=== What you are asked to do ===
Excluding every picture, print exactly the lines from the one containing "For iPhone 16" through the end of the material below, both ends included.

=== Raw data ===
———

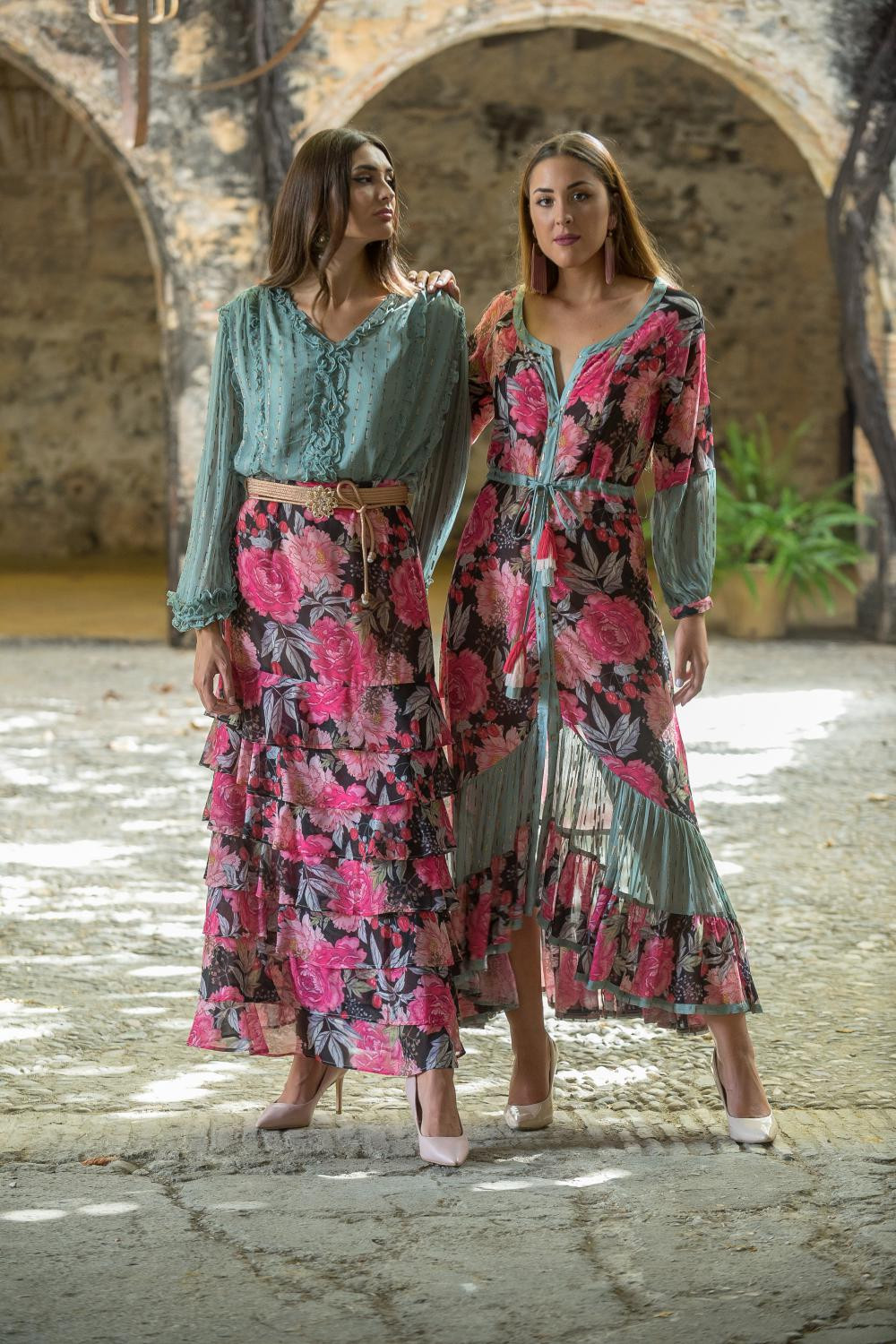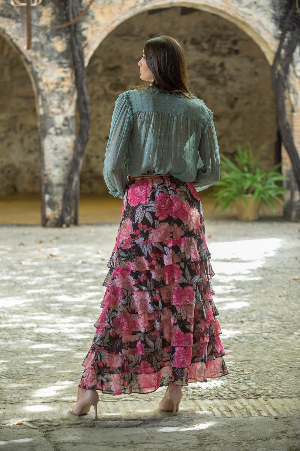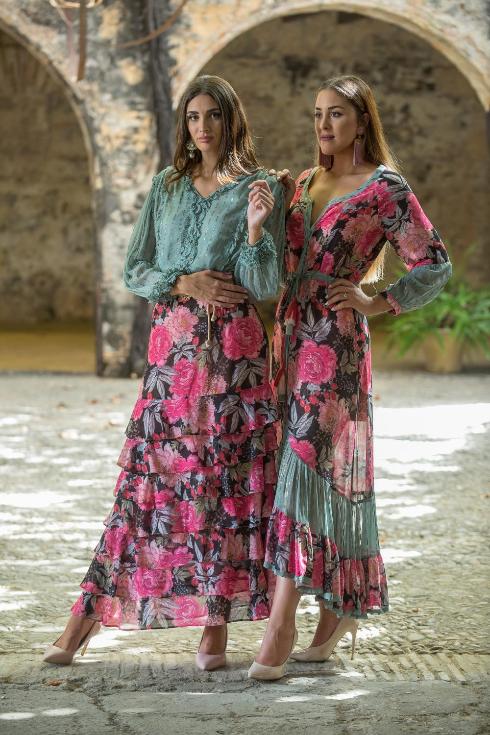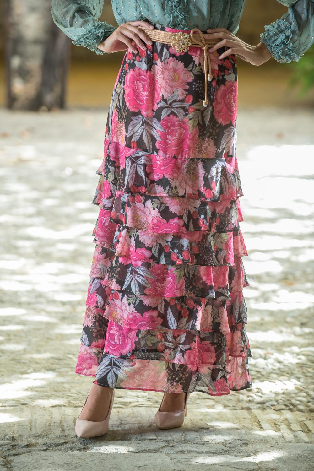 Falda de satén efecto cruzada estampado celosía con flores en tonos rosas, mostaza, verde y azules con flecos en el bajo color fucsia.COMPOSICIÓN: 100%POLIESTER
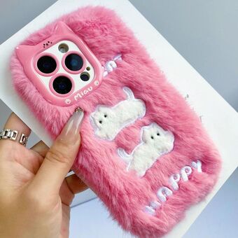 For iPhone 16 Pro Plush Cute Cat Full Coverage Silicone Phone Case(Pink)
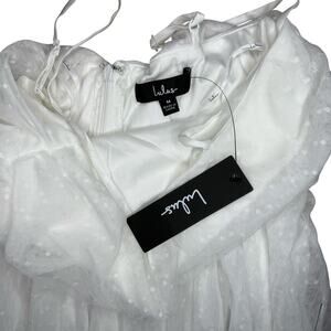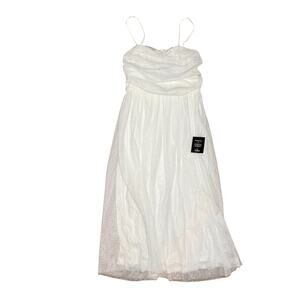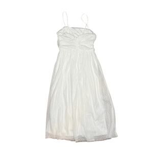 Lulus Darling Sweetheart White Swiss Dot Ruched Midi Dress Size M

———

=== Task result ===
 For iPhone 16 Pro Plush Cute Cat Full Coverage Silicone Phone Case(Pink)
 Lulus Darling Sweetheart White Swiss Dot Ruched Midi Dress Size M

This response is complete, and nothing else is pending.